Тактика фармакотерапии при язвенной болезни желудка


Язвенная болезнь желудка и двенадцатиперстной кишки: выбор тактики при кровотечении

Жерлов Г.К., Кошель А.П., Воробьев В.М., Ермолаев Ю.Д.

Gastroduodenal ulcers: the choice of surgical policy in gastrointestinal bleeding

Zherlov G.K., Koshel A.P., Vorobiyov V.M., Yermolayev Yu.D.

НИИ гастроэнтерологии СибГМУ, г. Северск, Томская обл.

 Жерлов Г.К., Кошель А.П., Воробьев В.М., Ермолаев Ю.Д.

Язвенные гастродуоденальные кровотечения являются актуальной проблемой экстренной хирургии в связи с частой встречаемостью и высокой летальностью. Проведен анализ результатов лечения 782 больных с язвенной болезнью желудка (239), двенадцатиперстной кишки (488), а также больных с сочетанными язвами (37) и пептической язвой гастроэнтероанастомоза (18), осложненной кровотечением.

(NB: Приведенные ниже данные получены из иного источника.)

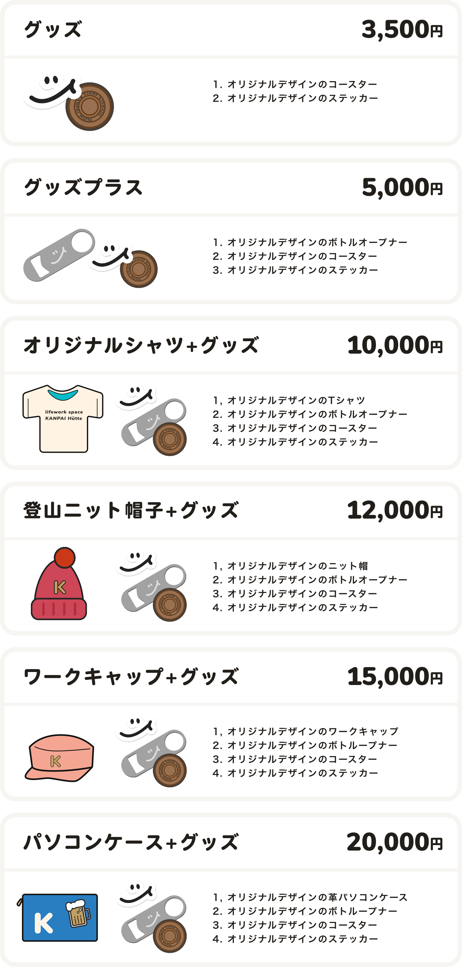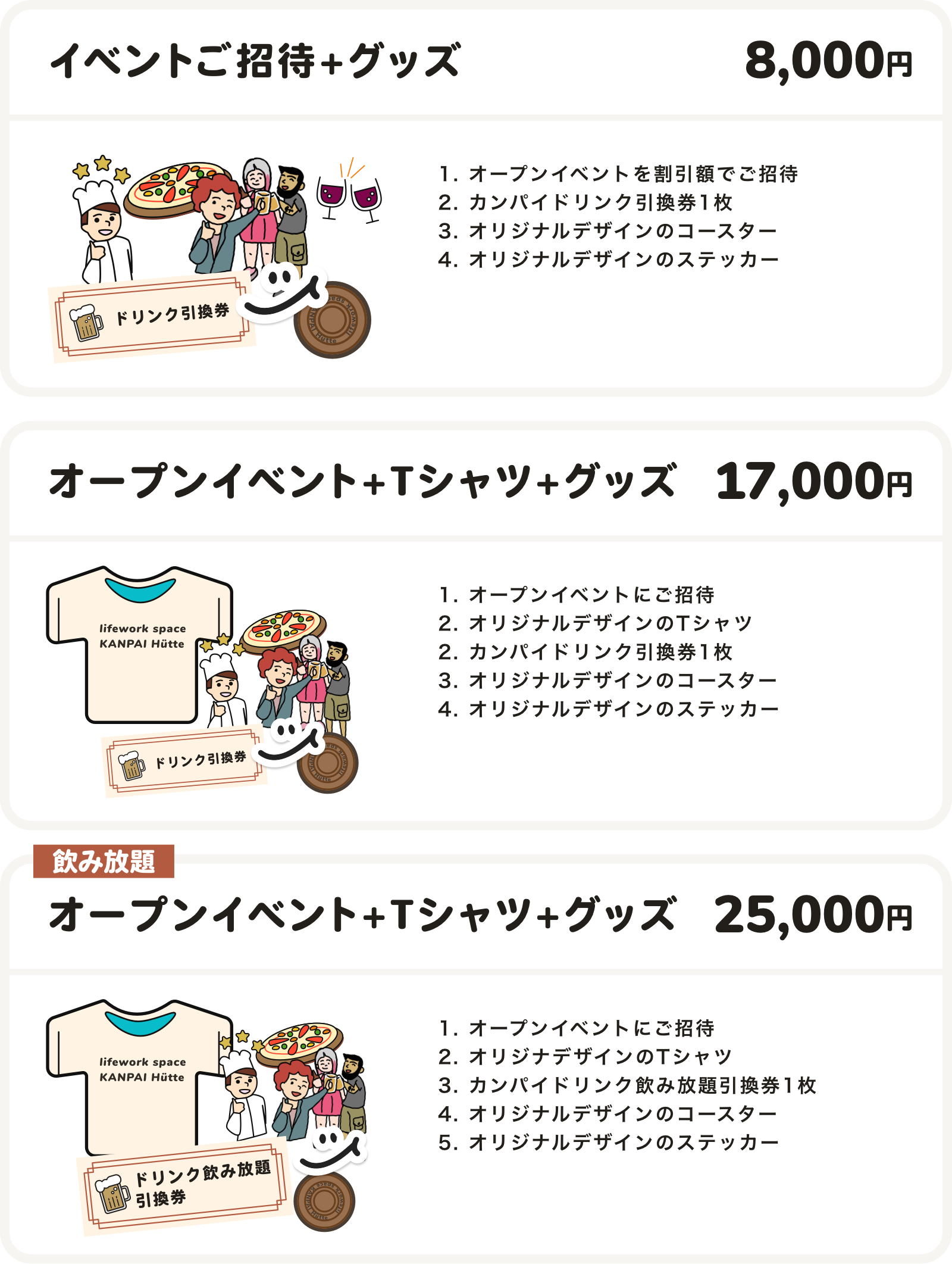 カンパイヒュッテのオープニングイベントに参加して、カンパイヒュッテの門出を一緒に盛り上げていっていただきたいと思いご用意しました。
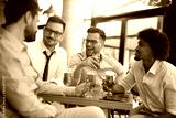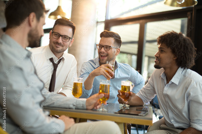 Funny conversation four businessmen while sit pub and drinking beer after work
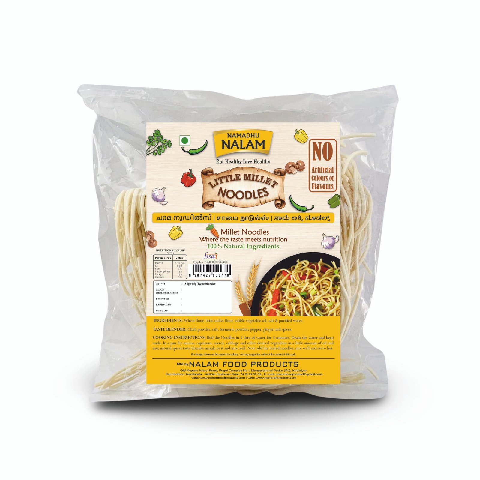 Nalam millet noodles made from first quality millet and wheat flour with no added maida and preservatives.The high fiber content promotes a healthy gut, prevents constipation, and aids in smooth digestion. Millet noodles are a healthy alternative to traditional noodles because they are gluten-free, high in fiber, and have a low glycemic index, which helps regulate blood sugar levels. They are also rich in essential nutrients like iron, calcium, and protein, which support digestion, weight management, and overall well-being.
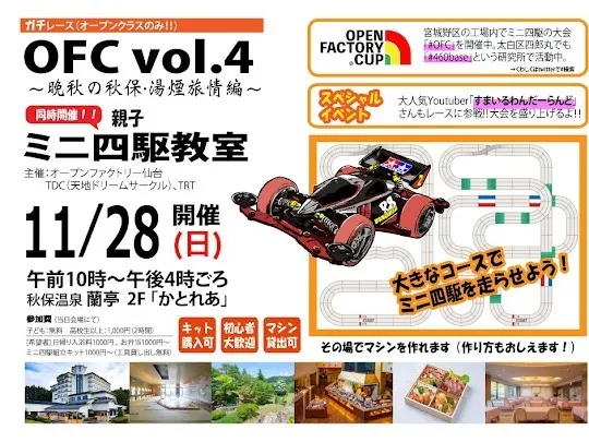 2021年12月7日のミヤギテレビ「OH!バンデス」内で11/28に開催されたオープンファクトリーカップin秋保温泉蘭亭の様子が放送されました!!ご覧いただいた方もいらっしゃると思いますが、オープンファクトリー仙台は「ミニ四駆でハッピーコミュニケーション」をテーマ(?)に日々楽しいことを追求してまいります!今後ともどうぞよろしくお願いいたします^-^)/
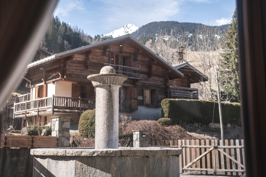 Un extérieur unique à Arêches : la terrasse de 110 m² avec sa fontaine en pierre (la fontaine n’est pas en eau).
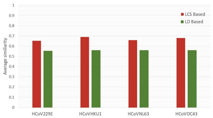 图2.四种流感冠状病毒与以人为宿主的COVID-19之间的平均相似度。
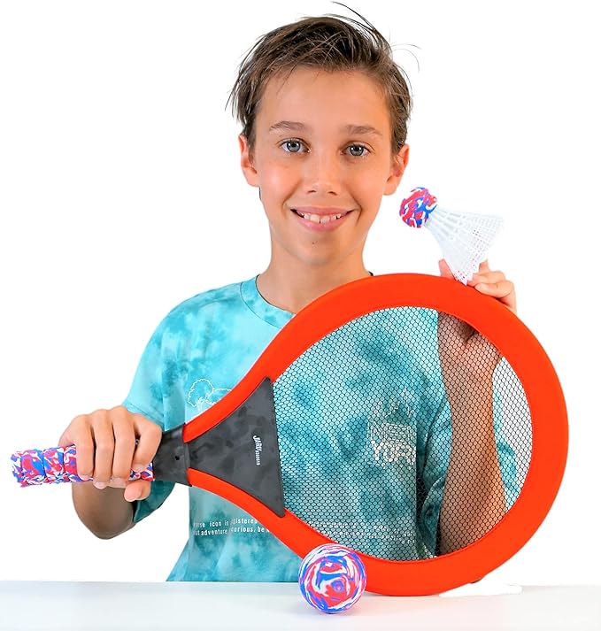 - LIGHT WEIGHT & COMFORTABLE GRIP - USA approved and ASTM tested toys. The paddle rackets are made with ultra soft foam. Comfortable grip handle so that you will not hurt your hands. Each racket is sand and water resistant, making them ideal beach and pool toys. Structured and made to be both durable and comfortable to the hand. Kid friendly badminton & tennis, ping pong, paddle ball toys.
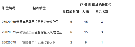 因繳費人數(shù)為1人,取消榮縣食品藥品監(jiān)督稽查大隊職位二(26020070)。
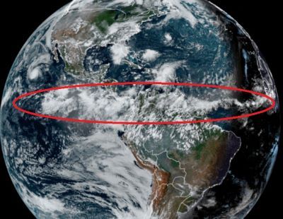 북쪽의 북동 무역풍(편동풍)과 남쪽의 남동 무역풍이 적도로 수렴하여 상승기류로 만들어진 구름 띠다. 적도수렴대 또는 열대수렴대라고 한다.
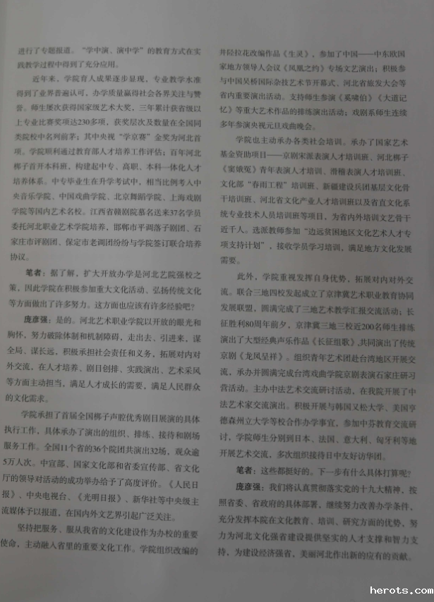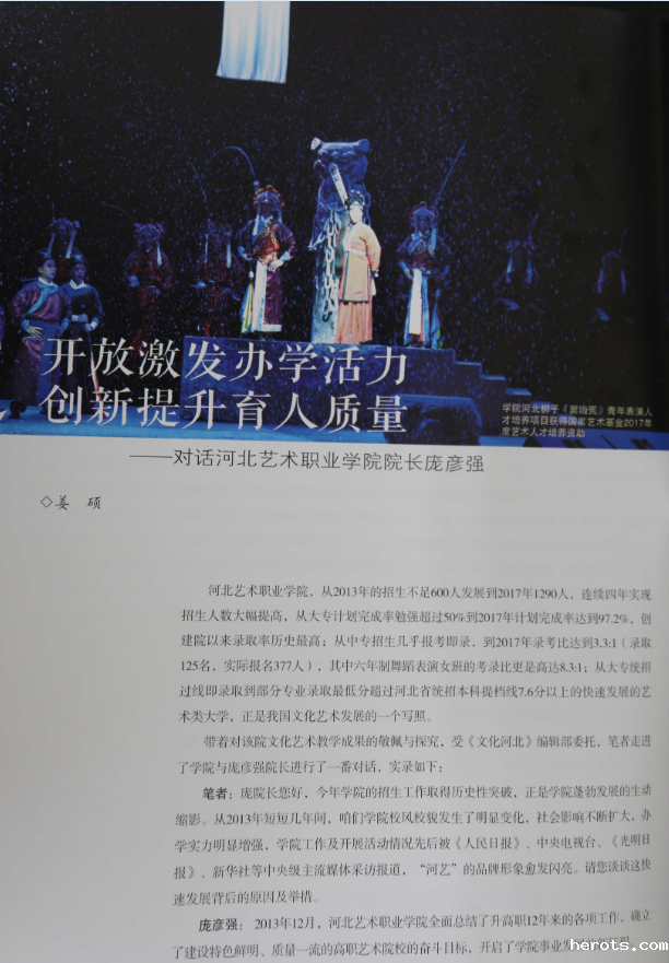 2018年第1期《文化河北》专稿刊登了《开放激发办学活力 创新提升育人质量——对话18luck快乐彩院长庞彦强》文章,全面介绍了学院近年来的办学成果。

Выбор тактики лечения основывался на данных экстренной фиброгастроскопии, с помощью которой устанавливали локализацию и тяжесть кровотечения по шкале J. Forrest. Лечение начинали в условиях отделения интенсивной терапии с обязательным эндоскопическим контролем «по программе». В экстренном порядке оперировано 5,9% больных, в срочном порядке — 16,4% пациентов от всех поступивших с кровотечением. В отсроченном и плановом порядке оперативное лечение проведено у 21,7% больных. Послеоперационная летальность составила 3,8%. Осложнения после операции имели место у 12,2% больных.

По результатам исследования сделан вывод, что в лечении язвенных гастродуоденальных кровотечений следует придерживаться индивидуальной активно-выжидательной тактики, основанной на соматическом состоянии пациента, длительности язвенного анамнеза и локализации язвы, наличии эпизодов гастродуоденального кровотечения в прошлом, а также интенсивности кровотечения (по J. Forrest) и эффективности консервативного гемостаза.

^ язвенная болезнь желудка и двенадцатиперстной кишки, неварикозное кровотечение, хирургическое лечение.

Ulcerative gastroduodenal bleedings remain the actual problem of emergency surgery because of quite frequency and high mortality. The analysis of treatment results in 782 patients was conducted. There were 239 patients with gastric ulcers, 488 patients with duodenal ulcers, 37 patients with combined ulcers and 18 patients with bleeding peptic ulcers of gastroenteranastomosis.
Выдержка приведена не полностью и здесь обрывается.